What to work on:
Taking the line that contains "横浜安加里さんの画数の鑑定結果" as the start and the last line of the data as the end, repeat exactly every line in that span, but no pictures.

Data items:

Segment Open

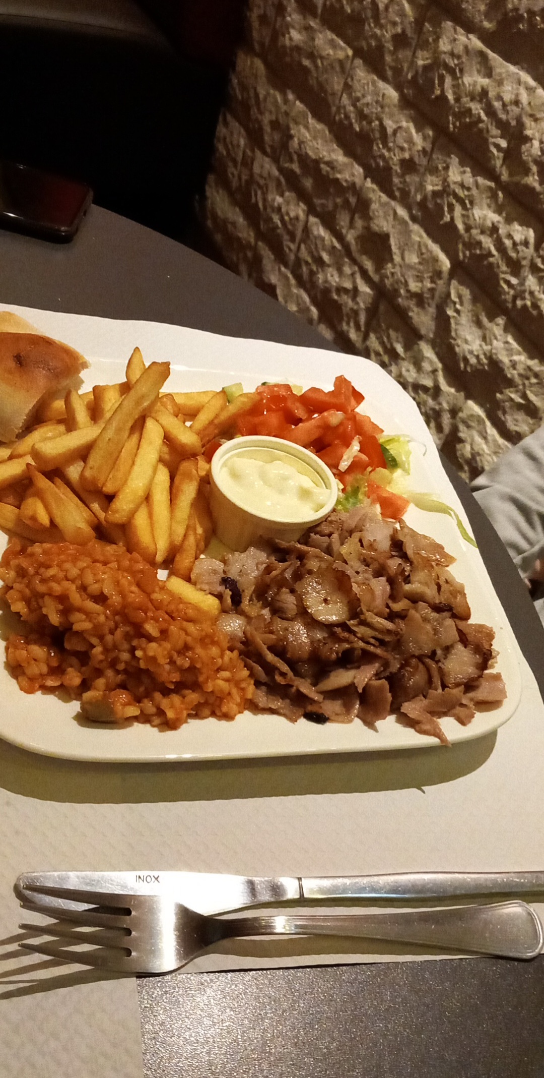 Accueil très sympathique, nous avons bien mangé, kebab classique mais tout était correcte, les frites croustillantes a souhait 😃
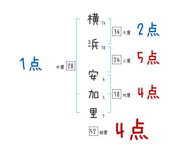 横浜安加里さんの画数の鑑定結果
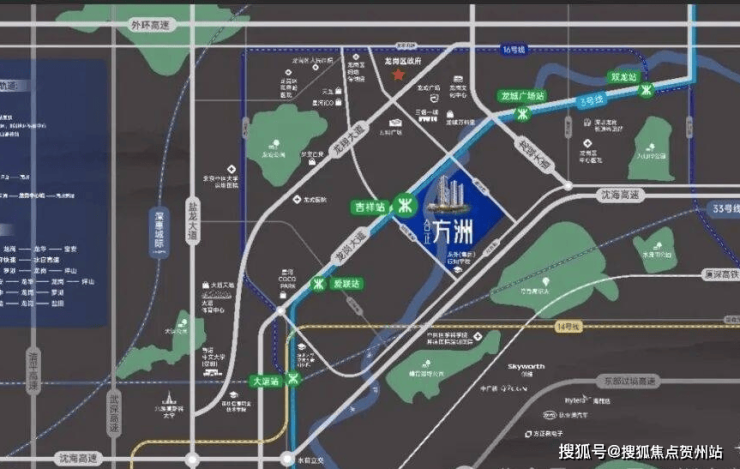 方洲无缝接驳地铁3号线吉祥站,两站换乘14号与16号线,一部短剧的时间直达岗厦北。约10分钟上水官高速、沈海高速,约15分钟上外环高速,约30分钟即达市内。
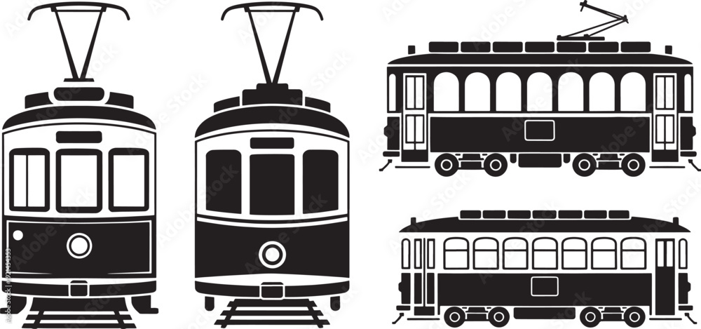 Collection of four vintage tram silhouettes front side and perspective views on grid #1921454353
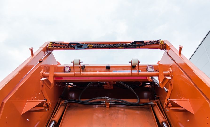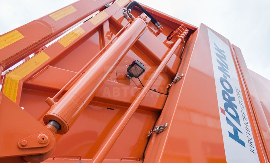 Мусоровоз имеет прессующую плиту, изготовленную из высокопрочной стали, выполняющую функцию забора и прессования отходов из загрузочного бункера в основной (приводится в действие четырьмя гидроцилиндрами), и выталкивающую плиту, которая выполняет функцию обратной нажимной пластины и позволяет производить процесс подпрессовки. В зависимости от плотности отходов, коэффициент уплотнения может увеличиваться до 1:6.
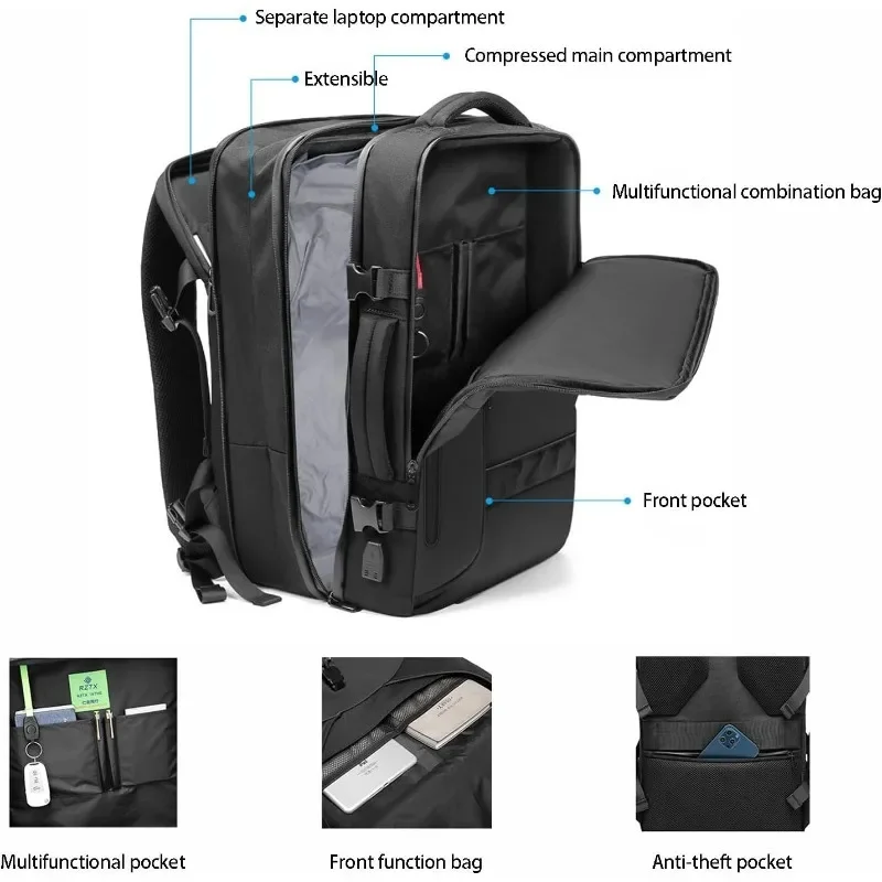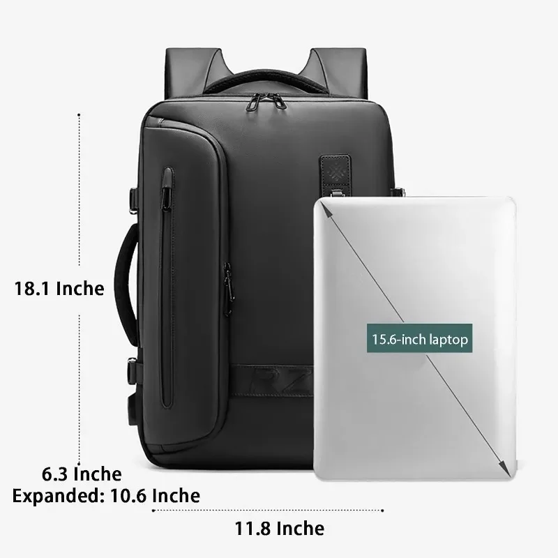 Expandable Backpack: Before expansion - 11.8*6.3*18.1 inches(L*W*H); After expansion - 11.8*10.6*18.1 inches(L*W*H). Capacity up to 40L after expansion, Increase capacity, improve comfort and relieve back pressure. The 180 degree zipper seal helps you get through security quickly.
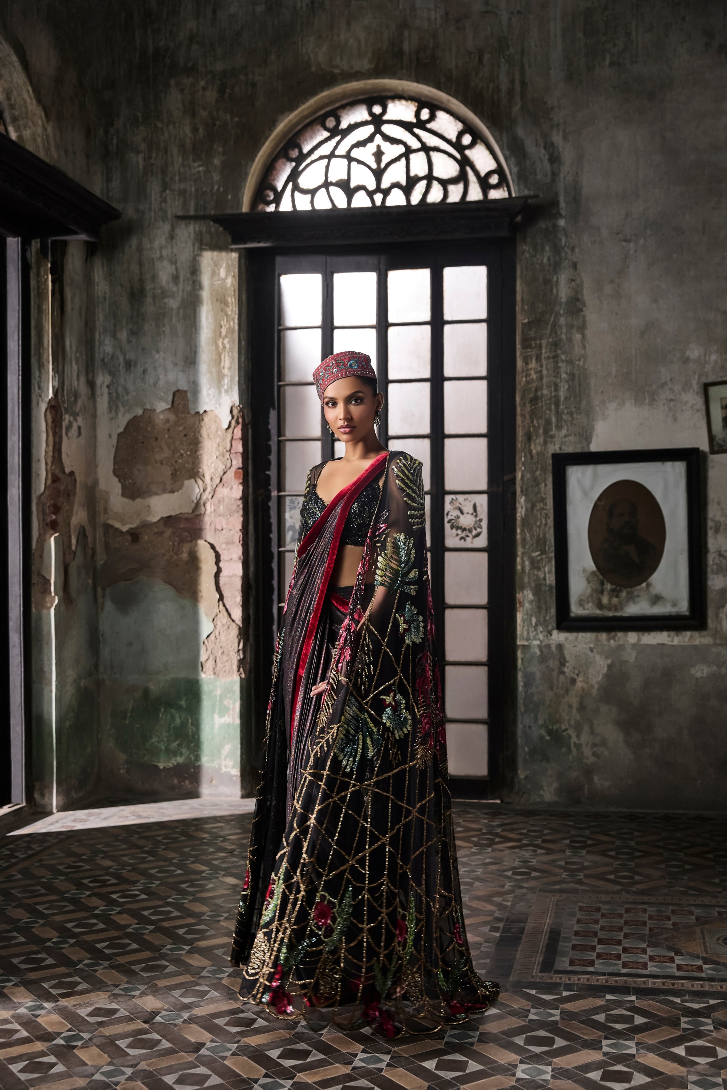 Black Foil Pre-Stitched Drape Sari With Hand Embroidered Cape and Blouse

Segment Closed

Solved exercise:
 横浜安加里さんの画数の鑑定結果
 方洲无缝接驳地铁3号线吉祥站,两站换乘14号与16号线,一部短剧的时间直达岗厦北。约10分钟上水官高速、沈海高速,约15分钟上外环高速,约30分钟即达市内。
 Collection of four vintage tram silhouettes front side and perspective views on grid #1921454353
 Мусоровоз имеет прессующую плиту, изготовленную из высокопрочной стали, выполняющую функцию забора и прессования отходов из загрузочного бункера в основной (приводится в действие четырьмя гидроцилиндрами), и выталкивающую плиту, которая выполняет функцию обратной нажимной пластины и позволяет производить процесс подпрессовки. В зависимости от плотности отходов, коэффициент уплотнения может увеличиваться до 1:6.
 Expandable Backpack: Before expansion - 11.8*6.3*18.1 inches(L*W*H); After expansion - 11.8*10.6*18.1 inches(L*W*H). Capacity up to 40L after expansion, Increase capacity, improve comfort and relieve back pressure. The 180 degree zipper seal helps you get through security quickly.
 Black Foil Pre-Stitched Drape Sari With Hand Embroidered Cape and Blouse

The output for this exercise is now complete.